# DATA EXTRACT
--------------------

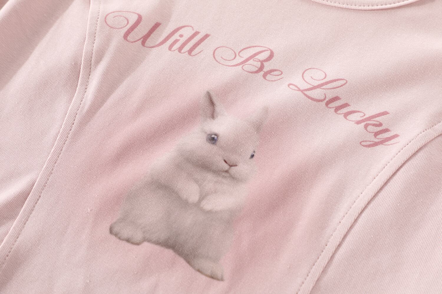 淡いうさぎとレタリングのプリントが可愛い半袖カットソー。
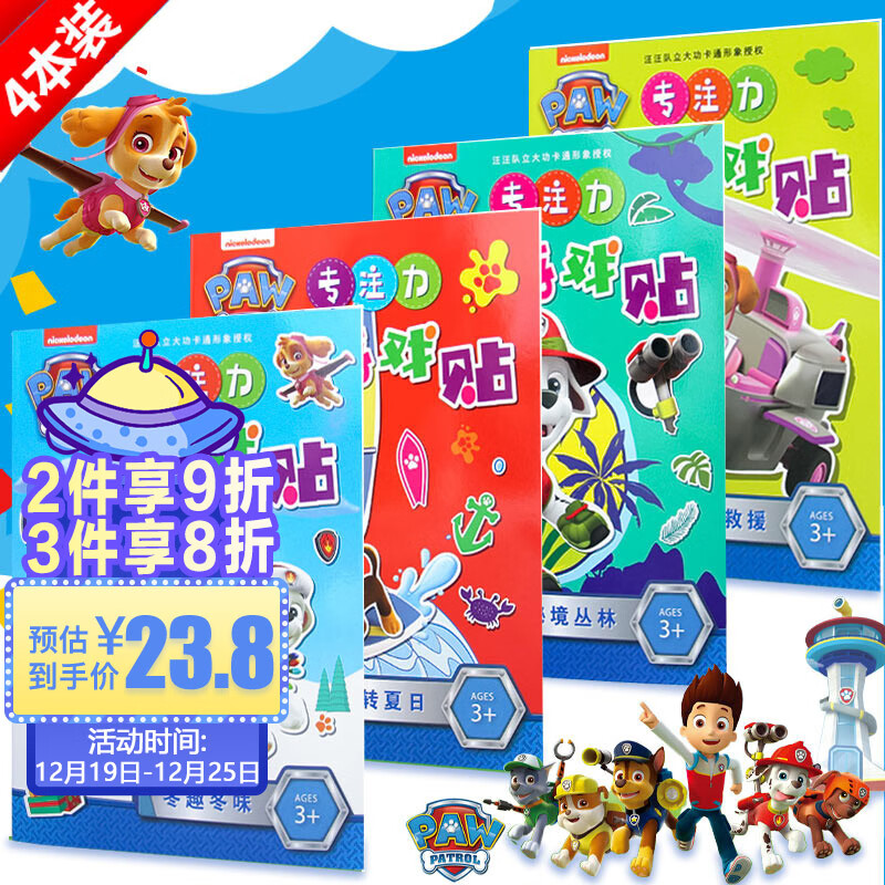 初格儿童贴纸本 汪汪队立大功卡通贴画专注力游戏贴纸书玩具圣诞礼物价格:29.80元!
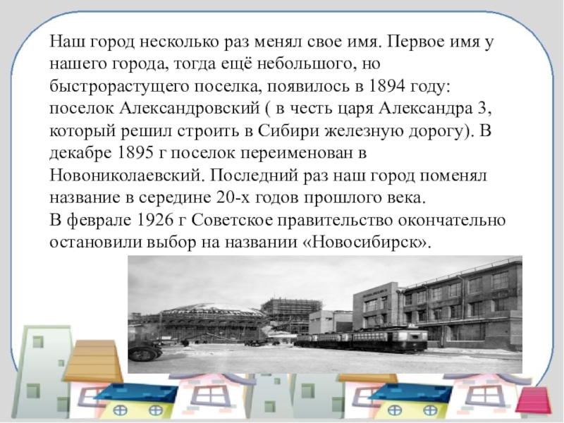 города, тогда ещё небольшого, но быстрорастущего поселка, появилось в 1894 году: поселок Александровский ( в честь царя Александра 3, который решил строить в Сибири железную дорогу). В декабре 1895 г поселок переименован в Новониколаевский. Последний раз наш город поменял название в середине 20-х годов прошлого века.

--------------------

# PROBLEM DESCRIPTION
Skip the pictures, please, and transcribe only the lines from the beginning of the material through the one that contains "初格儿童贴纸本 汪汪队立大功".

# TASK SOLUTION
 淡いうさぎとレタリングのプリントが可愛い半袖カットソー。
 初格儿童贴纸本 汪汪队立大功卡通贴画专注力游戏贴纸书玩具圣诞礼物价格:29.80元!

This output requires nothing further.